*Recorded data*:

Start of Block

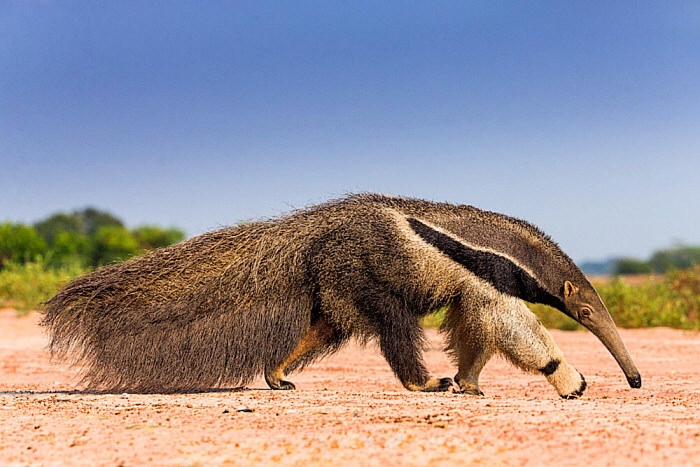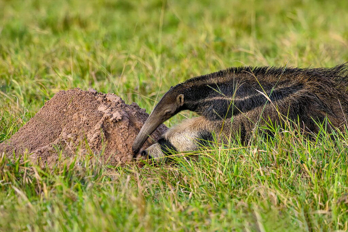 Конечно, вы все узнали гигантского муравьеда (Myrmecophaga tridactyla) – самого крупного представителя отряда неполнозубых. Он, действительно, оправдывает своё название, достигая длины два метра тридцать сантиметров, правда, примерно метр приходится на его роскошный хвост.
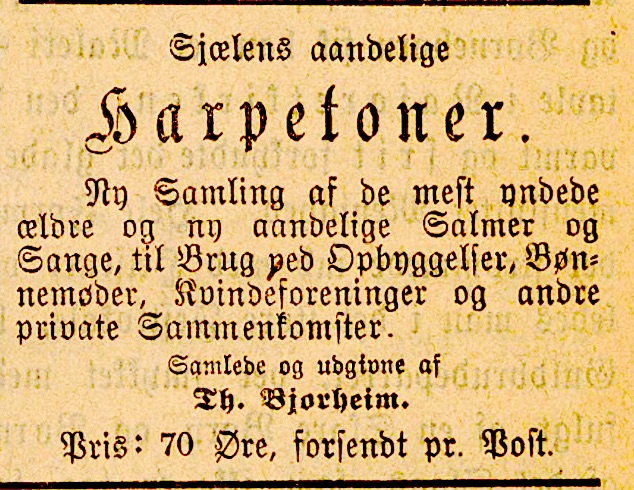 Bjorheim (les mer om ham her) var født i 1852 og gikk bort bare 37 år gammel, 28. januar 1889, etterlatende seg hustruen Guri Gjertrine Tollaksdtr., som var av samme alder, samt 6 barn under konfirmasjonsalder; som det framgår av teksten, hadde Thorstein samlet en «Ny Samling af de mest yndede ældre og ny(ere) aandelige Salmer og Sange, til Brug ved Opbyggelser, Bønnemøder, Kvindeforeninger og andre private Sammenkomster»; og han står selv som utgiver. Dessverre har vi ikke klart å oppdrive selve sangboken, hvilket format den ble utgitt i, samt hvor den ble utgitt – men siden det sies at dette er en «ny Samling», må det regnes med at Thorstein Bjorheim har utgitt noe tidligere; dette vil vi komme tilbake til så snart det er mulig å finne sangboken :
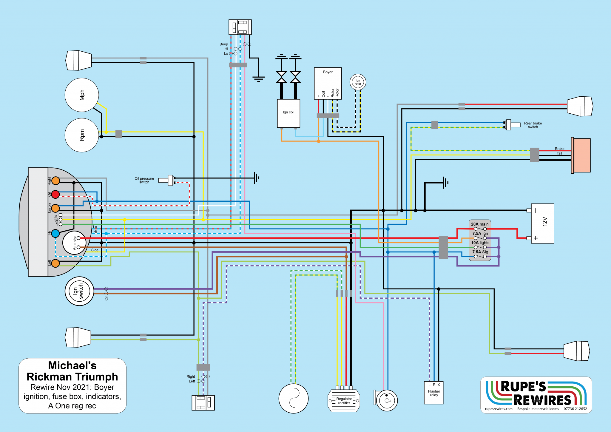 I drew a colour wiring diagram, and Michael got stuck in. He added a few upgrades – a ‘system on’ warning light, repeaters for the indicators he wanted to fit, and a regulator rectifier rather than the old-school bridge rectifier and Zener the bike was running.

End of Block

*Exercise requirements*:
Leave the images out and give the rest of the data again exactly.

*Response to this exercise*:
 Конечно, вы все узнали гигантского муравьеда (Myrmecophaga tridactyla) – самого крупного представителя отряда неполнозубых. Он, действительно, оправдывает своё название, достигая длины два метра тридцать сантиметров, правда, примерно метр приходится на его роскошный хвост.
 Bjorheim (les mer om ham her) var født i 1852 og gikk bort bare 37 år gammel, 28. januar 1889, etterlatende seg hustruen Guri Gjertrine Tollaksdtr., som var av samme alder, samt 6 barn under konfirmasjonsalder; som det framgår av teksten, hadde Thorstein samlet en «Ny Samling af de mest yndede ældre og ny(ere) aandelige Salmer og Sange, til Brug ved Opbyggelser, Bønnemøder, Kvindeforeninger og andre private Sammenkomster»; og han står selv som utgiver. Dessverre har vi ikke klart å oppdrive selve sangboken, hvilket format den ble utgitt i, samt hvor den ble utgitt – men siden det sies at dette er en «ny Samling», må det regnes med at Thorstein Bjorheim har utgitt noe tidligere; dette vil vi komme tilbake til så snart det er mulig å finne sangboken :
 I drew a colour wiring diagram, and Michael got stuck in. He added a few upgrades – a ‘system on’ warning light, repeaters for the indicators he wanted to fit, and a regulator rectifier rather than the old-school bridge rectifier and Zener the bike was running.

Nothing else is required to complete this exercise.